Task goal: In your copy, each line below is repeated exactly and no image appears.

Dataset extract:
______________________________
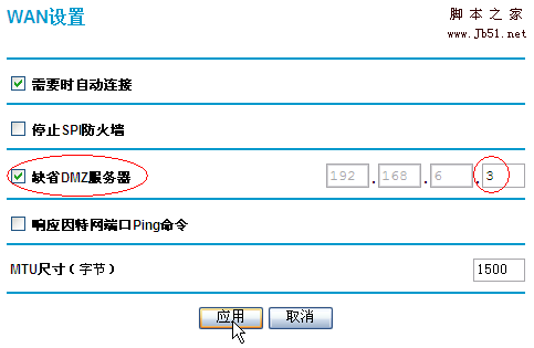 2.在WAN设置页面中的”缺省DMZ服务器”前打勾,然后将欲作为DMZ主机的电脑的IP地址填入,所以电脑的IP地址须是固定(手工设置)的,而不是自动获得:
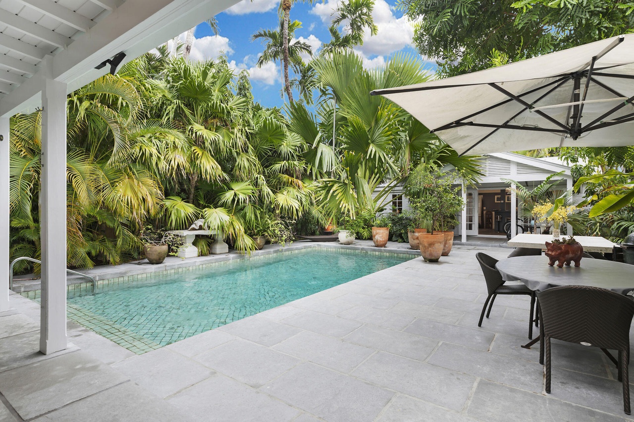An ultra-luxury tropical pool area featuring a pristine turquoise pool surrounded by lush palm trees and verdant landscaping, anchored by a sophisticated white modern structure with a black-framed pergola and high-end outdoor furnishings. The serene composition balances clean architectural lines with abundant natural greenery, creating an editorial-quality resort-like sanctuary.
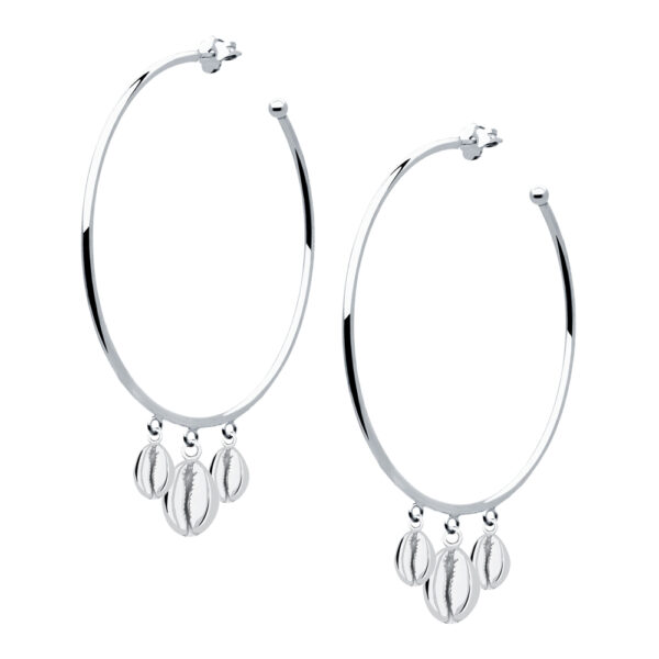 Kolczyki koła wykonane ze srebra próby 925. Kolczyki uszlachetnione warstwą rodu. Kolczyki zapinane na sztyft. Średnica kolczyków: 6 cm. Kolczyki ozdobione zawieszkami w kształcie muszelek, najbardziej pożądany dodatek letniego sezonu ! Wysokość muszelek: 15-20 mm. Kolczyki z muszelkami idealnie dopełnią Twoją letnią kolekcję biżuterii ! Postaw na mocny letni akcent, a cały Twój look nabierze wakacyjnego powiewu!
______________________________
Solution to this task:
 2.在WAN设置页面中的”缺省DMZ服务器”前打勾,然后将欲作为DMZ主机的电脑的IP地址填入,所以电脑的IP地址须是固定(手工设置)的,而不是自动获得:
An ultra-luxury tropical pool area featuring a pristine turquoise pool surrounded by lush palm trees and verdant landscaping, anchored by a sophisticated white modern structure with a black-framed pergola and high-end outdoor furnishings. The serene composition balances clean architectural lines with abundant natural greenery, creating an editorial-quality resort-like sanctuary.
 Kolczyki koła wykonane ze srebra próby 925. Kolczyki uszlachetnione warstwą rodu. Kolczyki zapinane na sztyft. Średnica kolczyków: 6 cm. Kolczyki ozdobione zawieszkami w kształcie muszelek, najbardziej pożądany dodatek letniego sezonu ! Wysokość muszelek: 15-20 mm. Kolczyki z muszelkami idealnie dopełnią Twoją letnią kolekcję biżuterii ! Postaw na mocny letni akcent, a cały Twój look nabierze wakacyjnego powiewu!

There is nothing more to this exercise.